#### [Your task]
A faithful copy of every entry is the goal; keep the images out of it.

--------------------------------------------------

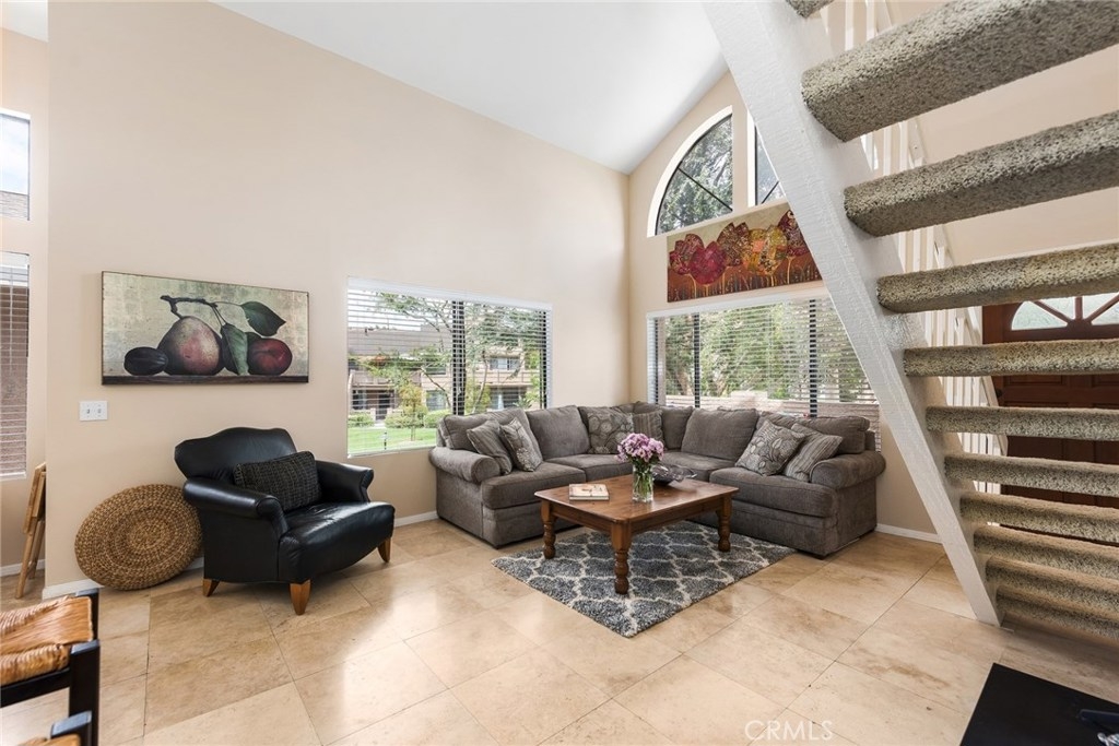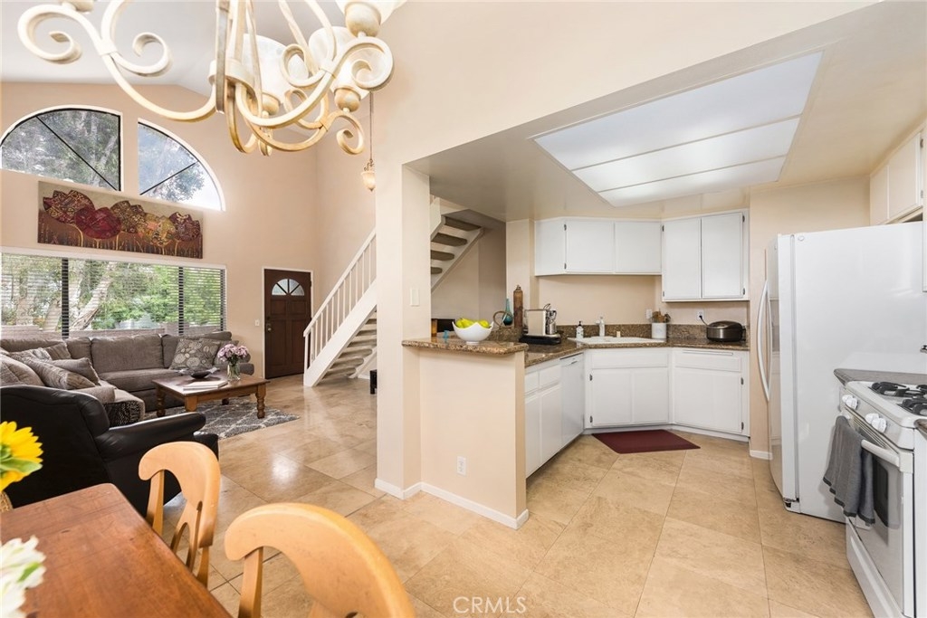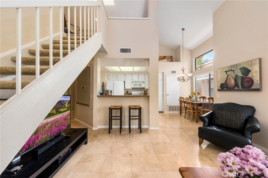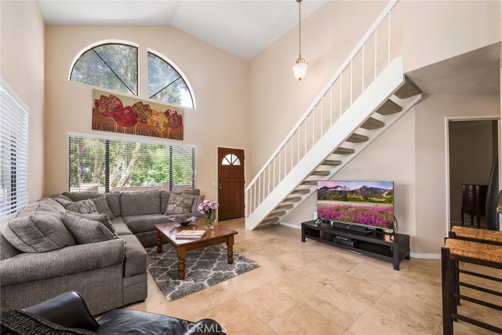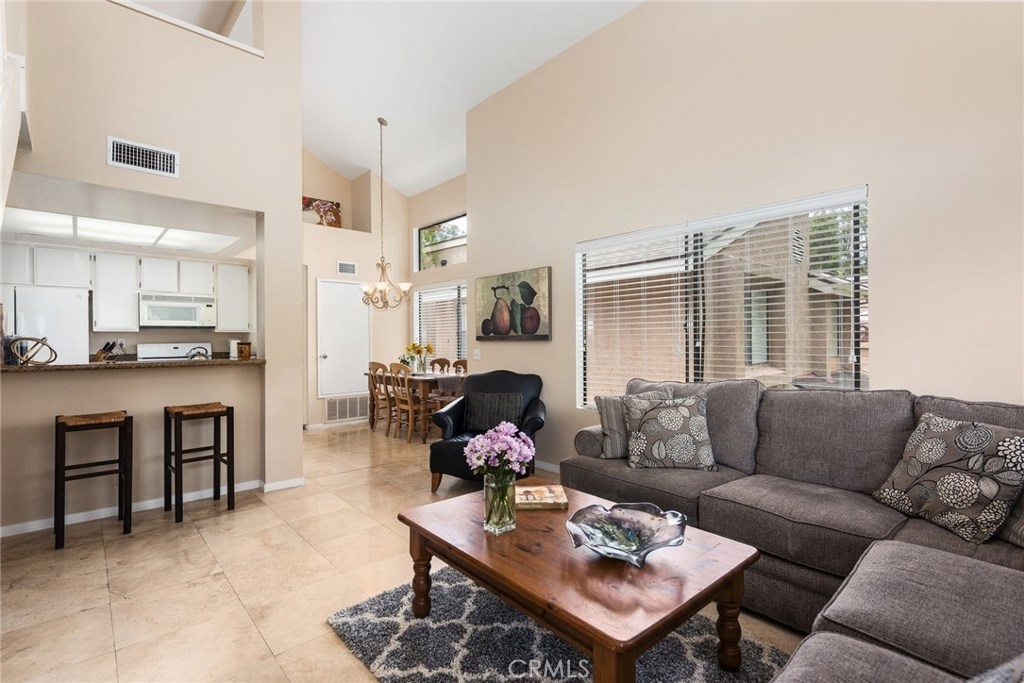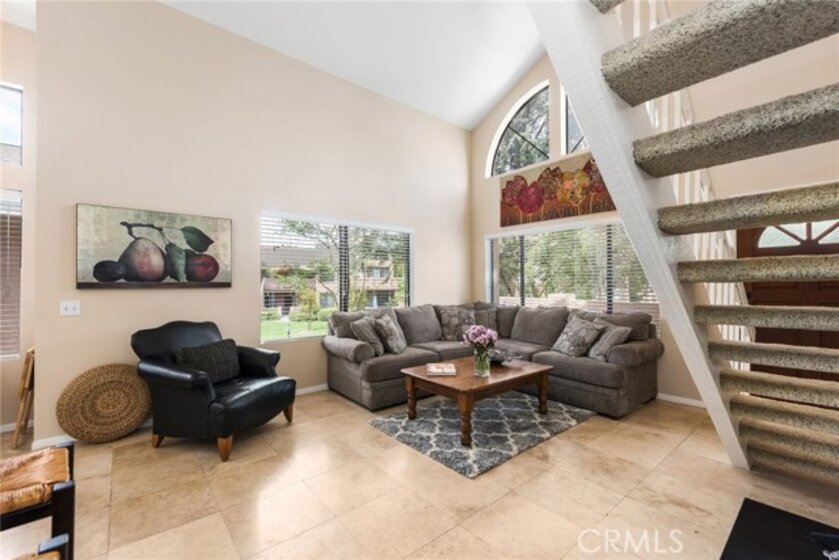 You're going to fall in love with this gorgeous end-unit condo in the sought after Community of Villeurbanne. The newly painted living room features vaulted ceilings & expansive windows to keep this home bright with natural light. An open floor plan features a roomy kitchen with freshly painted white cabinets & white appliances. A cozy dining area plus a breakfast bar gives you plenty of room for seating at meal time. Beautiful travertine floors throughout the living room & kitchen. Enjoy the spacious loft on the second level which has an open view to the living room below. Talk about a perfect escape for an office or an art studio! The seller has enjoyed this loft for work & play. A very desirable floor plan with dual master suites & each have a large closet with mirrored doors. Laundry days are easy with a convenient indoor laundry which is tucked away in a closet & includes a full-sized stacked washer/dryer. A front porch overlooks the lush greenbelt plus has a view of the sparkling community pool. Central air conditioning will keep you cool on those hot summer days. H.O.A. dues includes water & trash. Nestled in the Orange Hills, enjoy the breathtaking views while you bike or walk the many trails across the street & in the El Modena open space. Nearby is Peter's Canyon Park, Irvine Regional Park, the Toll Road, and some of the best restaurants in the city of Orange. For the adventurous, hike to the top of the hill and experience the stunning view at sunset.
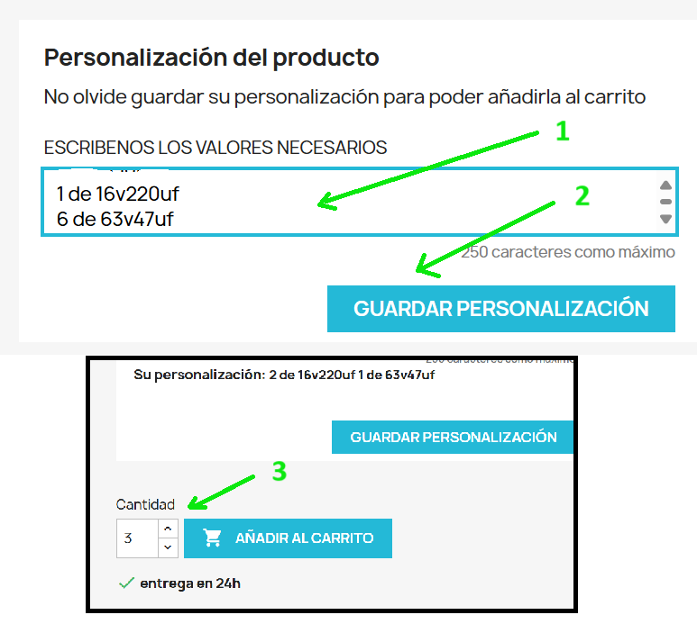 - escribe en personalización unidades y valores de cada producto (Ver en descripción los valores disponibles)
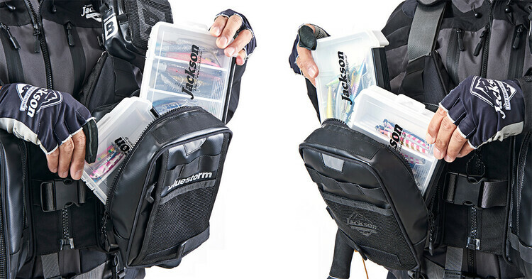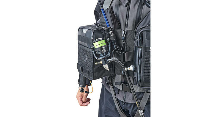 浮力背心兼具大容量收納、高安全性、高耐久性與舒適性。主口袋、鉗夾、飲料架、帆布袋、可移動背袋等,可以充分收納所有需要攜帶到釣場的物品。背心還附有保暖的絨面口袋,在寒冷的冬天提供保暖。
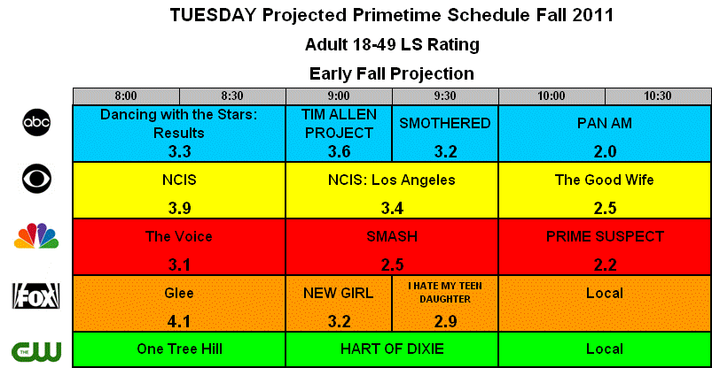 Welcome to ShowbuzzDaily’s coverage of the upcoming TV schedules for the 2011/12 TV season! Above you see our guide to what to expect on Tuesday nights this Fall: the numbers are our projected Adults 18-49 ratings for each show; the capitalized titles are the new shows; and italics are for shows changing their time slots. Here’s our analysis of what will really be going on behind the numbers:
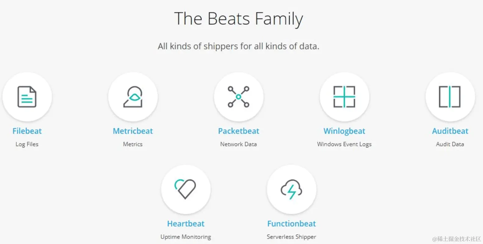 ELK 为日志采集提供了丰富的 Agent 矩阵,方便用户针对不同采集场景进行数据收集:
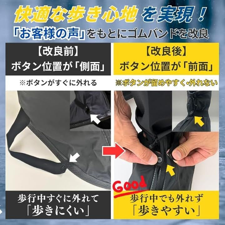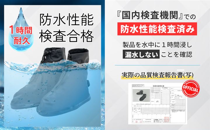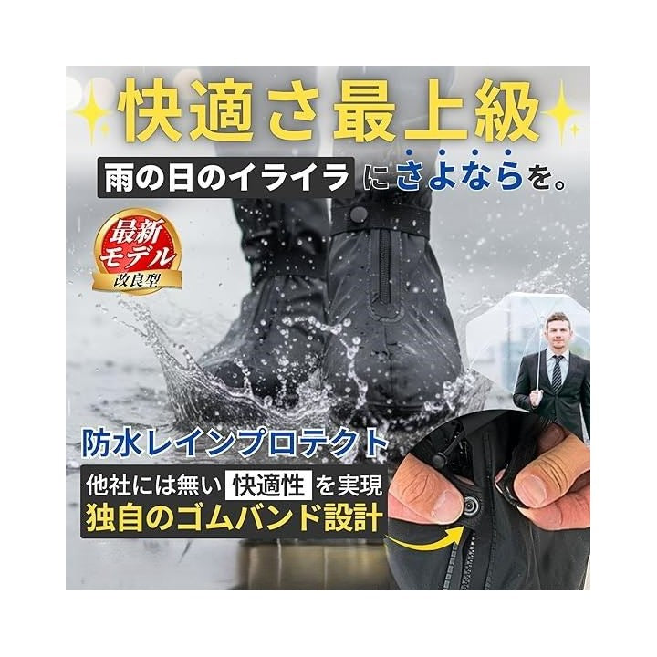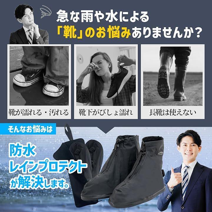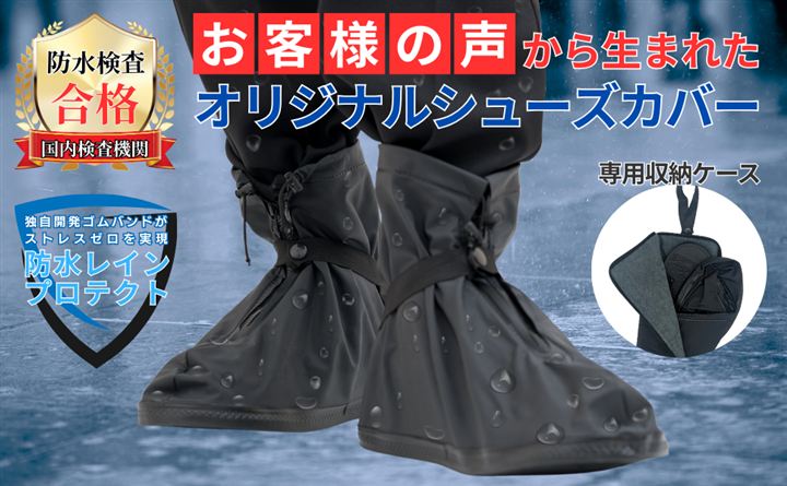 いつでも快適に歩ける防水・撥水仕様 で 雨や水たまりも気にせず大切な靴を水や泥からしっかり守ります。
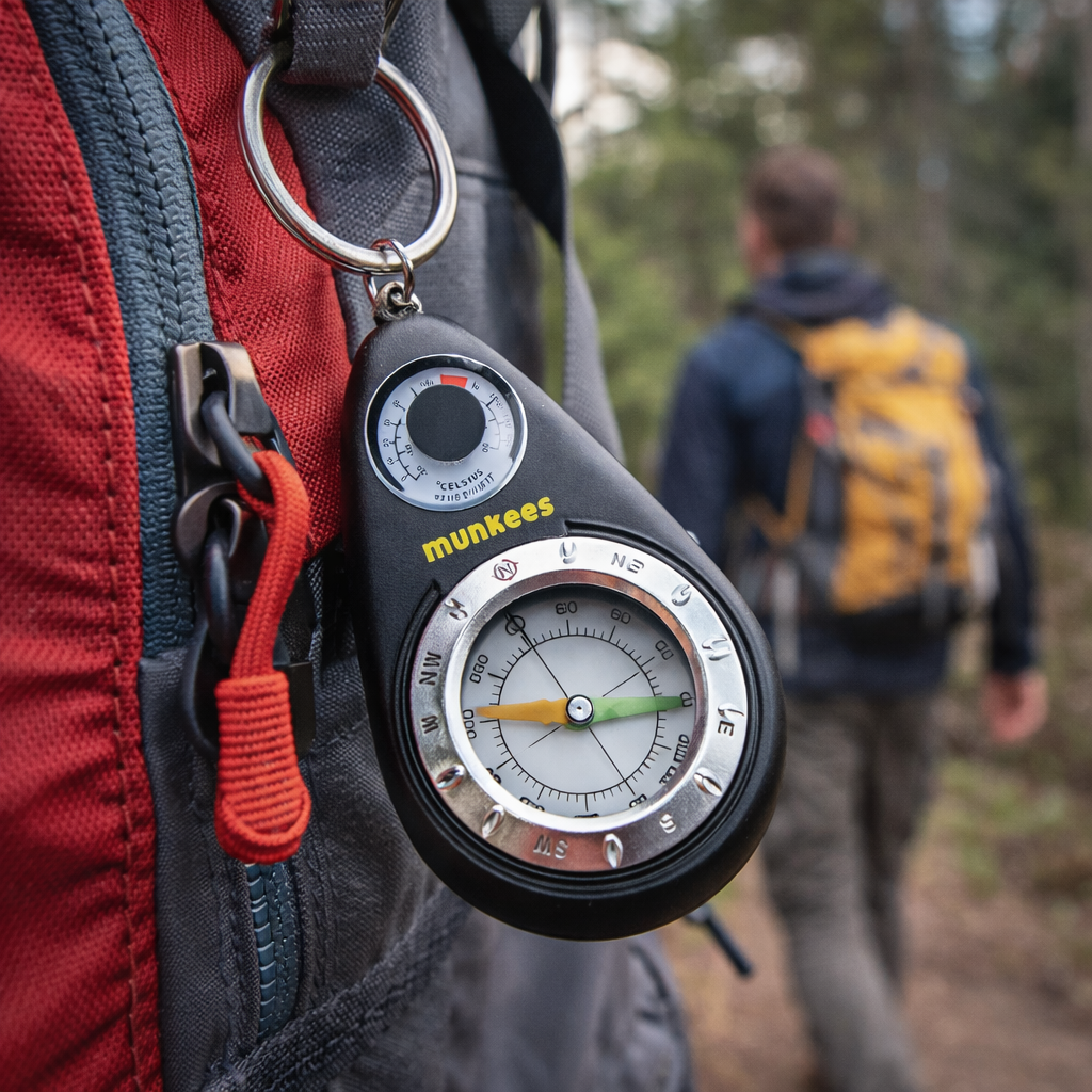 Der munkees Kompass-Schlüsselanhänger mit Thermometer vereint zwei nützliche Funktionen in einem kompakten Format. Ob beim Wandern, Camping oder im Alltag – mit diesem kleinen Gadget haben Sie Orientierung und Temperaturanzeige stets zur Hand.
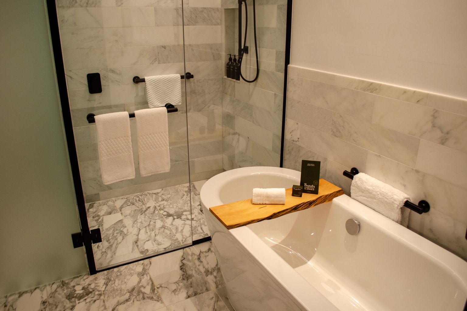 The bathtub and shower are housed in a single wet room. The bathtub has a plank of wood set out overtop, and made for a very comfortable and relaxing experience.
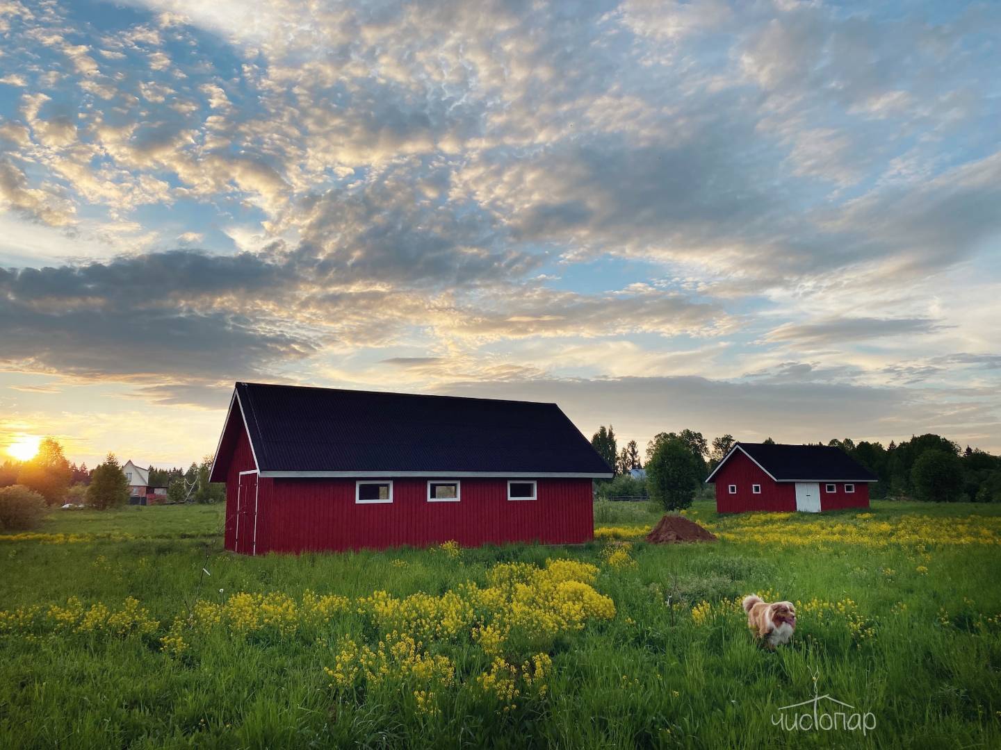 Около каждого дома есть парковочное место. Территория фермы огорожена частично.

--------------------------------------------------

#### [Response area]
 You're going to fall in love with this gorgeous end-unit condo in the sought after Community of Villeurbanne. The newly painted living room features vaulted ceilings & expansive windows to keep this home bright with natural light. An open floor plan features a roomy kitchen with freshly painted white cabinets & white appliances. A cozy dining area plus a breakfast bar gives you plenty of room for seating at meal time. Beautiful travertine floors throughout the living room & kitchen. Enjoy the spacious loft on the second level which has an open view to the living room below. Talk about a perfect escape for an office or an art studio! The seller has enjoyed this loft for work & play. A very desirable floor plan with dual master suites & each have a large closet with mirrored doors. Laundry days are easy with a convenient indoor laundry which is tucked away in a closet & includes a full-sized stacked washer/dryer. A front porch overlooks the lush greenbelt plus has a view of the sparkling community pool. Central air conditioning will keep you cool on those hot summer days. H.O.A. dues includes water & trash. Nestled in the Orange Hills, enjoy the breathtaking views while you bike or walk the many trails across the street & in the El Modena open space. Nearby is Peter's Canyon Park, Irvine Regional Park, the Toll Road, and some of the best restaurants in the city of Orange. For the adventurous, hike to the top of the hill and experience the stunning view at sunset.
 - escribe en personalización unidades y valores de cada producto (Ver en descripción los valores disponibles)
 浮力背心兼具大容量收納、高安全性、高耐久性與舒適性。主口袋、鉗夾、飲料架、帆布袋、可移動背袋等,可以充分收納所有需要攜帶到釣場的物品。背心還附有保暖的絨面口袋,在寒冷的冬天提供保暖。
 Welcome to ShowbuzzDaily’s coverage of the upcoming TV schedules for the 2011/12 TV season! Above you see our guide to what to expect on Tuesday nights this Fall: the numbers are our projected Adults 18-49 ratings for each show; the capitalized titles are the new shows; and italics are for shows changing their time slots. Here’s our analysis of what will really be going on behind the numbers:
 ELK 为日志采集提供了丰富的 Agent 矩阵,方便用户针对不同采集场景进行数据收集:
 いつでも快適に歩ける防水・撥水仕様 で 雨や水たまりも気にせず大切な靴を水や泥からしっかり守ります。
 Der munkees Kompass-Schlüsselanhänger mit Thermometer vereint zwei nützliche Funktionen in einem kompakten Format. Ob beim Wandern, Camping oder im Alltag – mit diesem kleinen Gadget haben Sie Orientierung und Temperaturanzeige stets zur Hand.
 The bathtub and shower are housed in a single wet room. The bathtub has a plank of wood set out overtop, and made for a very comfortable and relaxing experience.
 Около каждого дома есть парковочное место. Территория фермы огорожена частично.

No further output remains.